The regression discontinuity design involves the two group evaluation model that is the posttest and pretest. For regression discontinuity model, the statistical model is used to represent the value of pre test and coded values of dummy variables in order to operate the program. As the regression discontinuity analysis is the examination of the regression discontinuity design, so in order to understand the model few of the assumptions are important to portray such model. The assumptions for the model are;
The Cutoff Criterion
The cutoff criterion should be pursuing without any exemption. A biased threat arouses when in the program there appears the wrong cutoff values. Mismanagement in case of the cutoff is termed as fuzzy RD design which explains the difficulties in that are beyond the scope.
The Pre Post Distribution
the pre post distribution is explained as the polynomial function and if the pre post relation appears to be true in case of logarithm, exponential or any other then the program is supposed to be biased. For instance if the data is stated as polynomial distribution more preferable then the model is more likely to be problematic to understand and if the relationship that exists is not a polynomial then high order polynomial sufficiently notice for no matter what function exists.

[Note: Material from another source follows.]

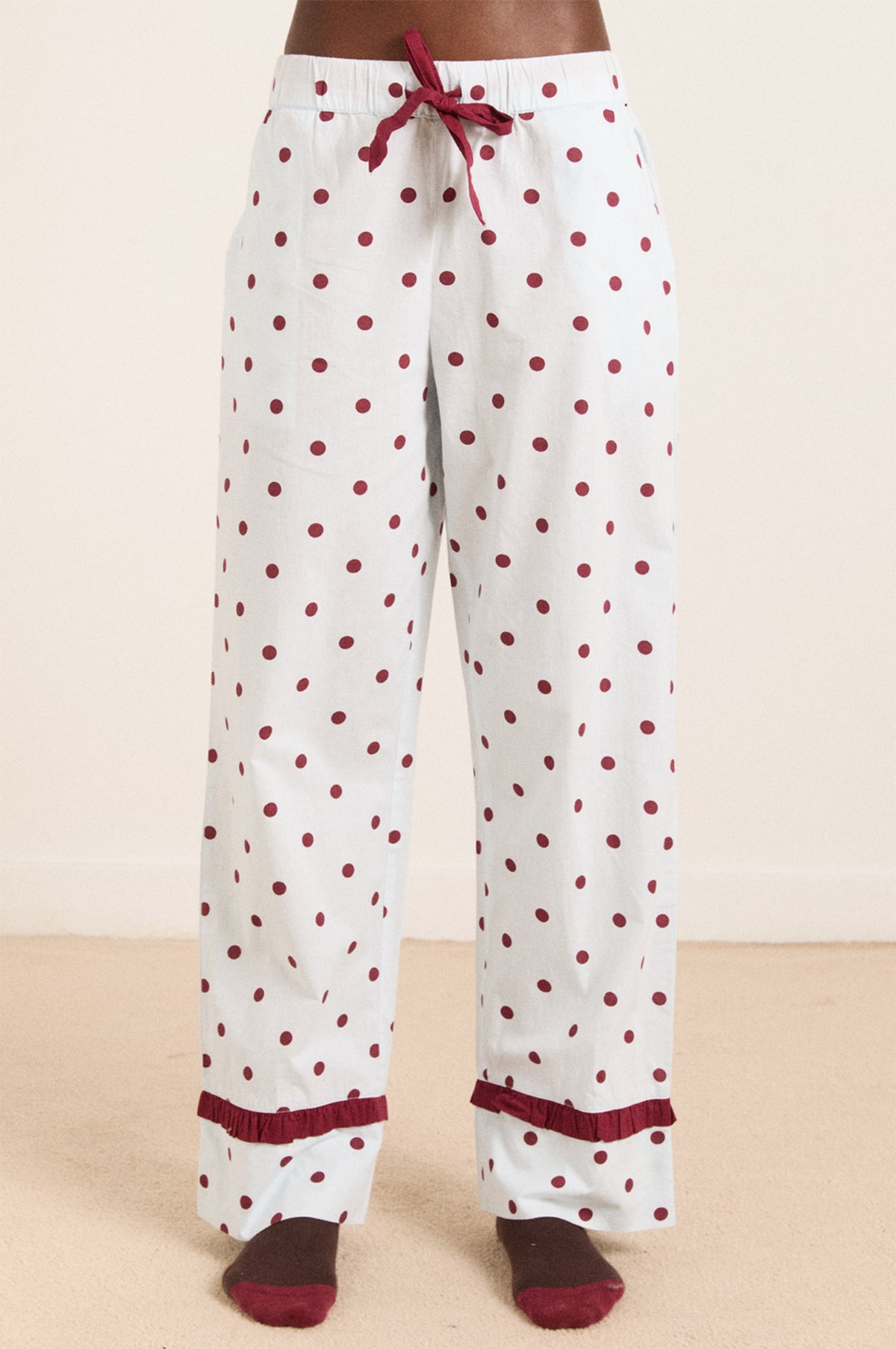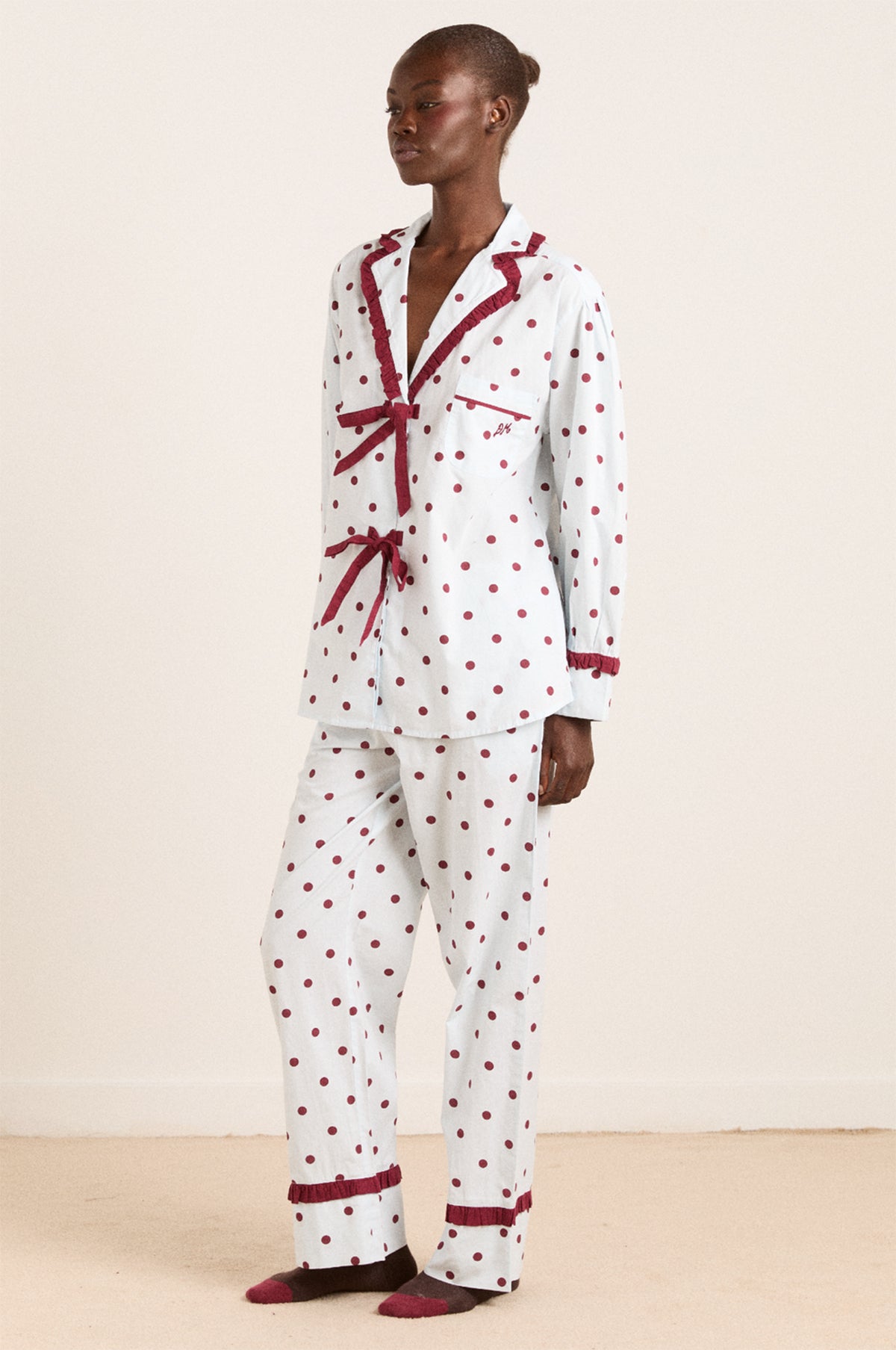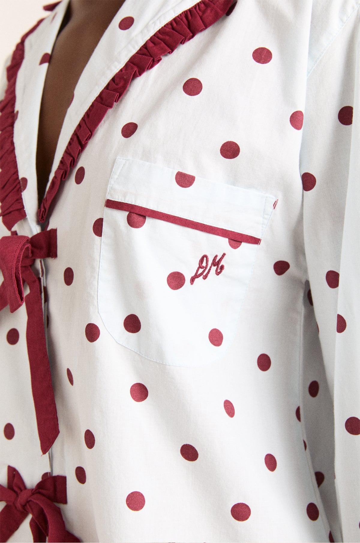 The Damson Madder Antonella pyjama set returns, redesigned in a timeless polka dot print with burgundy bow and frill details. Made from smooth 100% organic cotton, offering maximum cosiness and style, they come complete with a fabric storage bag.

Comparison Group Pretest Variance
A model contains enough number of pretest values in order to attain the true relationship.
Implementation of the program is very significant in a view that it is delivered appropriately to the recipients.
Steps in the Analysis
The regression continuity comprises of the following steps.
Transform the Pretest
The analysis starts from the subtraction of the cutoff value from the pretest value. It can be represented as:
Mean (Xi) = Xi-Xc
This equation is evaluated to become the cutoff value similar to the intercept.
Visually Examine Relationship
In a pre-post relationship, there are two things to consider. First is to visualize the discontinuity relationship at the cutoff point. The discontinuity change is examined vertically or a change in a slope or in both the cases. Second is the determination of the bivariate relationship as in the degree of polynomial which is indicated at the slope of distribution.
Specify Higher Order Terms and Interactions
The rule of thumb is important in this step that is the number of flexion indicates the orders of the polynomial. In such a case, the bivariate distribution is linear that determines no flexion points.
Estimate Initial Model
In this step, the analysis is ready to start. For the accomplishment of the model any multiple regressions can be used. If in the previous step, the polynomial function is determined properly then the results appeared to be unbiased. The interaction step is also analyzed and the direction is based on the sign of coefficient and the direction to the scale.
Refining the Model
The step that is refining the model is somehow tricky in order to have the unbiased results. This step is most generally based on the examination of previous step. The final position of the model is significant and with higher efficiency. In the whole process many of the terms might be dropped because to avoid biased results.
• Gellman, A. and Hill, J., Data Analysis Using Regression and Multivarial Model. Cambridge University Press.
• Lemieux, T. (2008) “Journal of Econometrics”. Regression discontinuity designs: A guide to practice. Volume 142(2), Pp: 615–635.